TITOLO ORIGINALE: Volevo nascondermi
USCITA ITALIA: 4 marzo 2020
REGIA: Giorgio Diritti
SCENEGGIATURA: Giorgio Diritti, Tania Pedroni
GENERE: biografico, drammatico
PREMI: Orso d'Argento per il MIGLIOR ATTORE al FESTIVAL DI BERLINO; 7 DAVID DI DONATELLO tra cui MIGLIOR FILM e MIGLIOR REGIA
La vita e le opere dell’artista Antonio Ligabue tra genio, sregolatezza, brutalità ed infantilismo. Giorgio Diritti, alla sua quarta esperienza registica, firma un biopic dalle intenzioni espressive chiare e limpide.
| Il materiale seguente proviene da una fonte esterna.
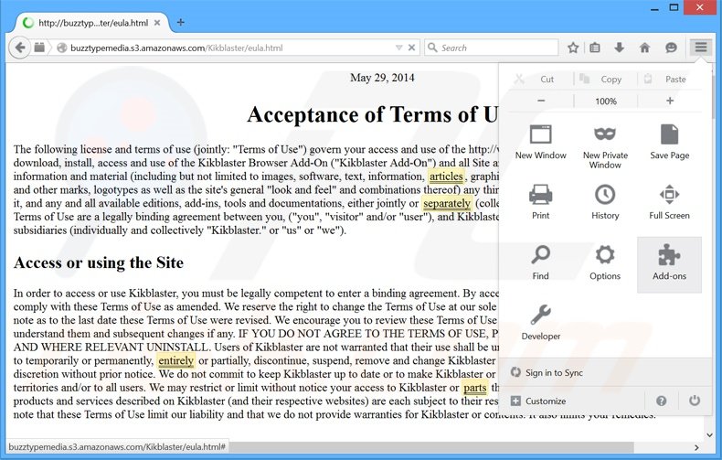- STEP 4. Remove 'Ads by Kikblaster' from Mozilla Firefox.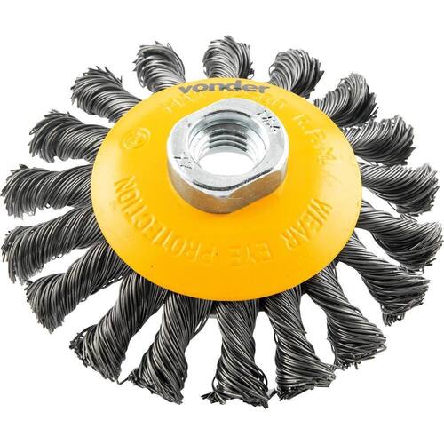 Conteúdo Embalagem:1 Escova circular cônicaDestaques e diferenciais: Possui formato cônico proporcionando praticidade na operação e aço torcido garantindo maior poder de remoçãoAplicações e dicas de uso:Indicada para limpeza de peças em geral. Utilizada em esmerilhadeira angular.Características Técnicas:Material/acabamento das cerdas da escova: Aço carbono/polido Tipo de cerdas da escova: Torcida Diâmetro externo da escova pol : 4.0/0 Espessura da escova pol : 0.1/2 Diâmetro da rosca da escova : M-14 Rotação máxima rpm : 12500 /minGarantia: legal: 90 dias Marca: Não Informado Ean: 7893946564117

Un’interpretazione mastodontica di Elio Germano, un comparto tecnico curato e preciso ed una caratterizzazione tenera e dettagliata del protagonista sono le colonne portanti del racconto di un uomo che, sacrificando tutta la sua vita in nome dell’arte, voleva raggiungere l’immortalità.
In seguito ad una distribuzione travagliata per via dell’emergenza sanitaria, esce, o meglio torna, nelle sale di tutta Italia Volevo nascondermi, biopic di Giorgio Diritti - premiato alla Berlinale con l’Orso d’argento per il miglior attore - che racconta la vita e le opere di Antonio Ligabue. Pittore e scultore autodidatta italiano, nato e cresciuto in Svizzera, questi è conosciuto principalmente per i suoi lavori brutali, diretti e graffianti, talvolta infantili, attraverso cui esprimeva sensazioni e sentimenti che, a parole, non era in grado di comunicare. Ed è proprio questo particolare lato della sua arte a ricoprire un ruolo fondamentale nel film di Diritti, diventando leitmotiv di un variegato mosaico di momenti, ricordi e memorie del Ligabue persona - prima che artista -, interamente fondato su un forte desiderio: nascondersi dietro le proprie creazioni. Raccogliendo il testimone della recente corrente di film biografici italiani - che vede in Il traditore di Bellocchio e Hammamet di Amelio, le sue vette maggiori -, Volevo nascondermi si configura, nell’ambito del panorama cinematografico nostrano, come un passaggio imprescindibile che, pur godendo di numerose influenze estere, diverrà punto di riferimento per tutti i cineasti che, in un prossimo futuro, vorranno cimentarsi con il genere.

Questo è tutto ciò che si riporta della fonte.